Cisco7600#show tcam int gi 1/1 acl in ip

* Global Defaults shared


Entries from Bank 0


Entries from Bank 1

    permit       tcp any any fragments
    permit       udp any any fragments (41 matches)
    permit       tcp any any established match-any (220 matches)
    permit       udp any eq domain any
Not the counter - 41 matches.

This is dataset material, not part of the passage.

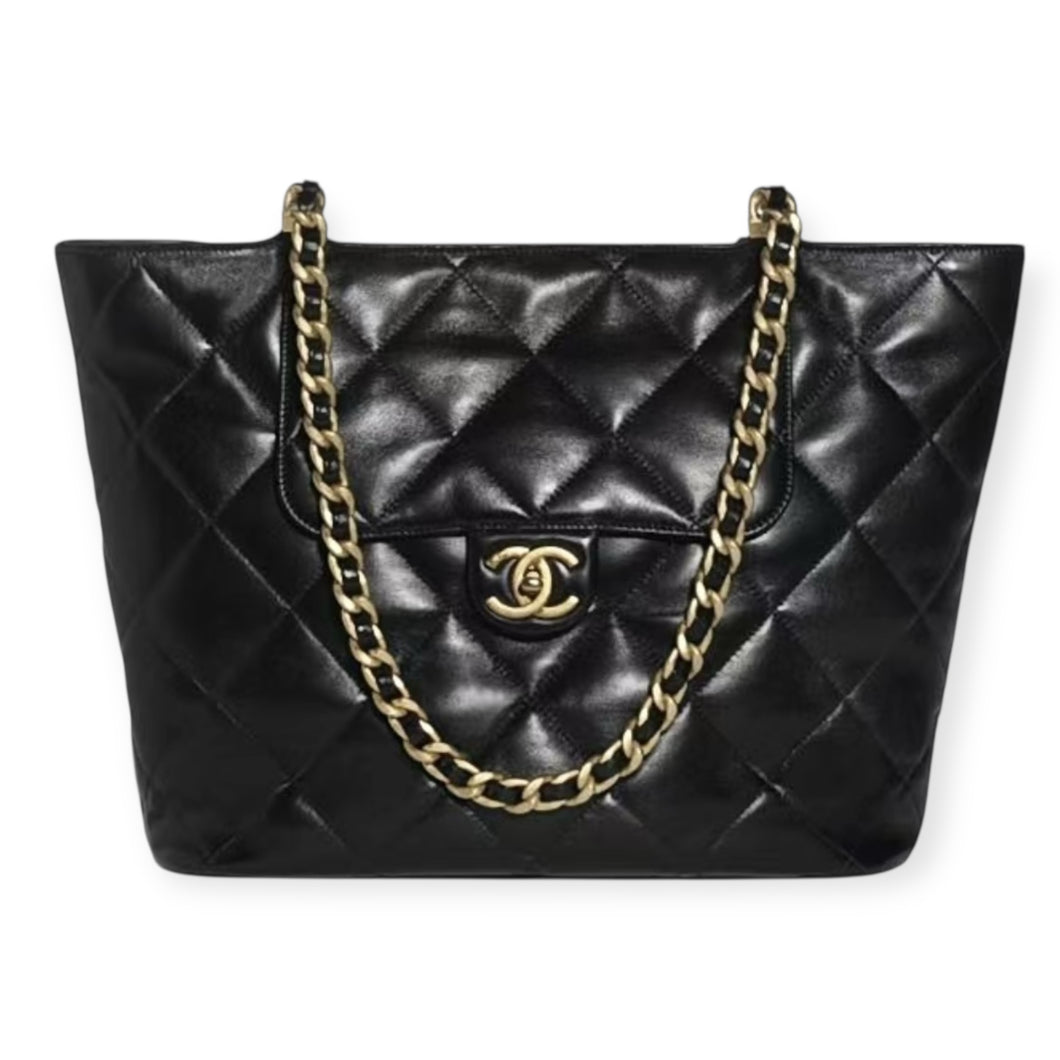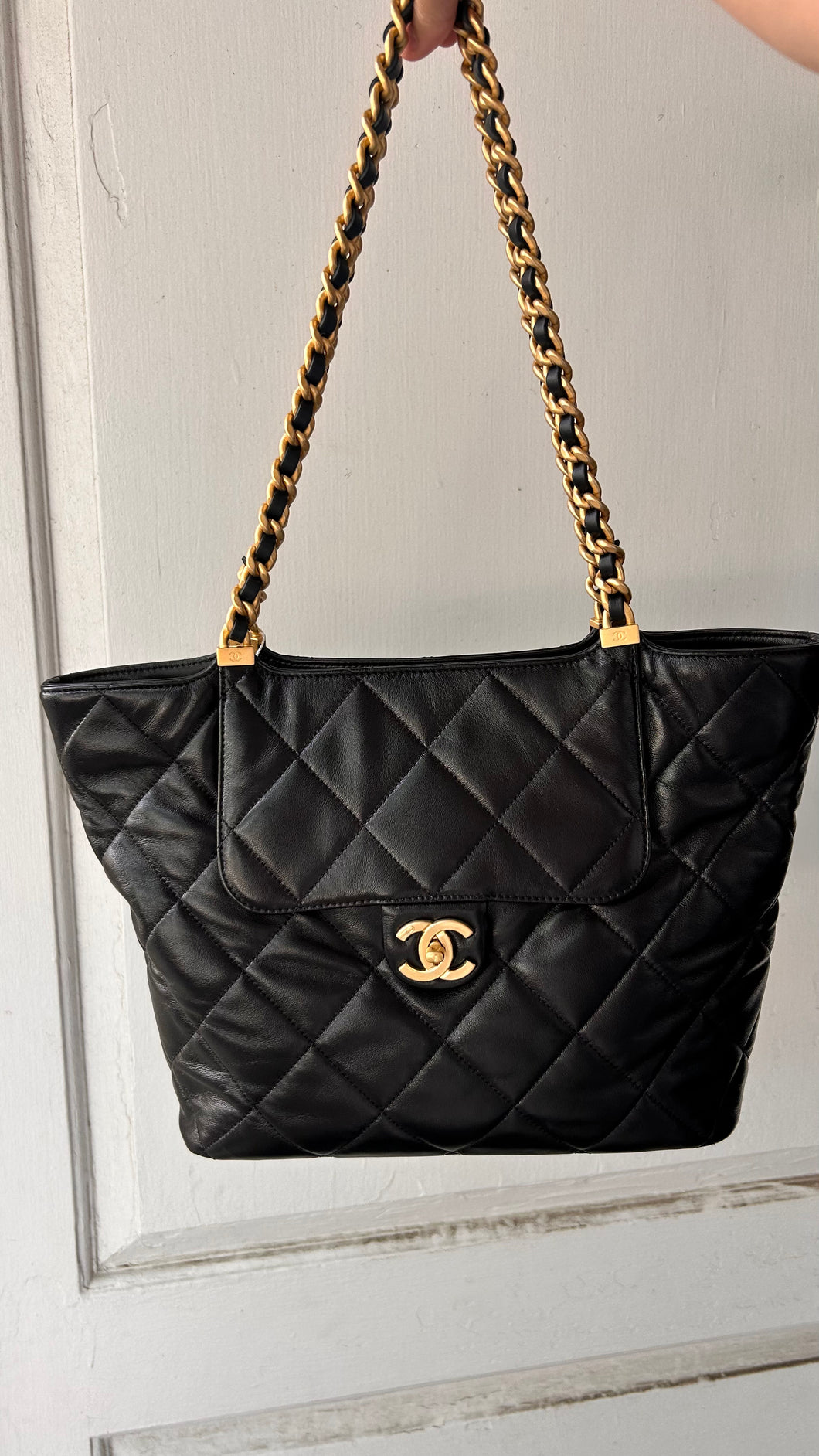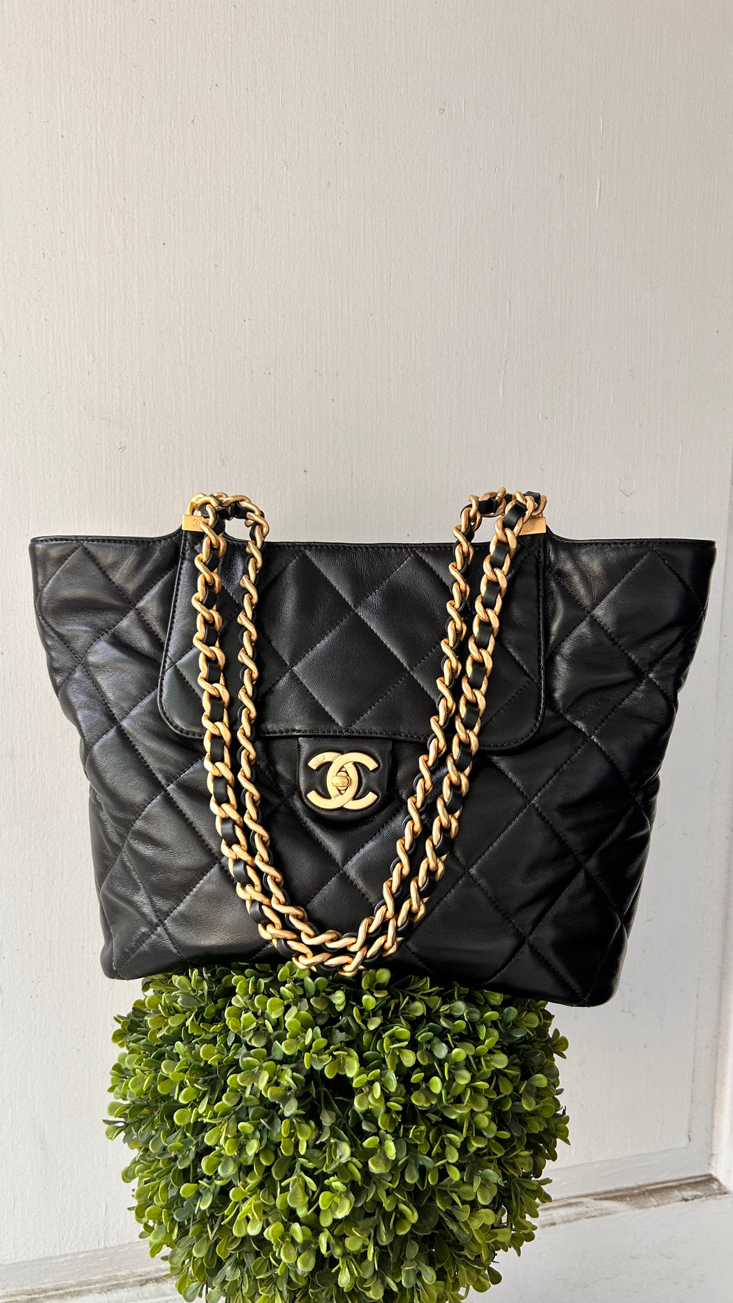 Chanel Bag, Small Black Lamsbkin Leather Shopping Bag

Next, on the "attacker" we'll generate fragmented UDP traffic targeting a server in 172.16.100.0/24 network:

hping2 -2 -d 1500 -c 1 -s 10000 -p 90 -m 500 -f 172.16.100.10

In the command above, we send 1 1500-byte UDP packet from port 10000 on local host to port 90 on 172.16.100.10 and we are telling the host that MTU is 500 bytes. On the target host we run tcpdump:

10:47:41.942010 IP (tos 0x0, ttl  63, id 130, offset 496, flags [+], length: 520) 172.16.0.101 > 172.16.100.10: udp

10:47:41.942027 IP (tos 0x0, ttl  63, id 130, offset 1000, flags [+], length: 520) 172.16.0.101 > 172.16.100.10: udp

10:47:41.942034 IP (tos 0x0, ttl  63, id 130, offset 1496, flags [none], length: 28) 172.16.0.101 > 172.16.100.10: udp

 Now, the first fragment, containing IP and UDP header were dropped by our ACL, since we do not allow UDP packets coming from port 10000, but 3 other fragments got through. Let's check the counter again:

Cisco7600#show tcam int gi 1/1 acl in ip

* Global Defaults shared


Entries from Bank 0


Entries from Bank 1

    permit       tcp any any fragments
    permit       udp any any fragments (44 matches)
    permit       tcp any any established match-any (224 matches)
    permit       udp any eq domain any
The attacker can flood your web or email server with UDP fragments causing it to slow down while it is busy discarding incomplete packets. We can not block fragments completely since legitimate DNS replies can be quite big and require fragmentation. The solution would be to allow outbound UDP traffic and, hence, incoming replies only to specific hosts that need it. Like your caching DNS server and put good firewall in front of it.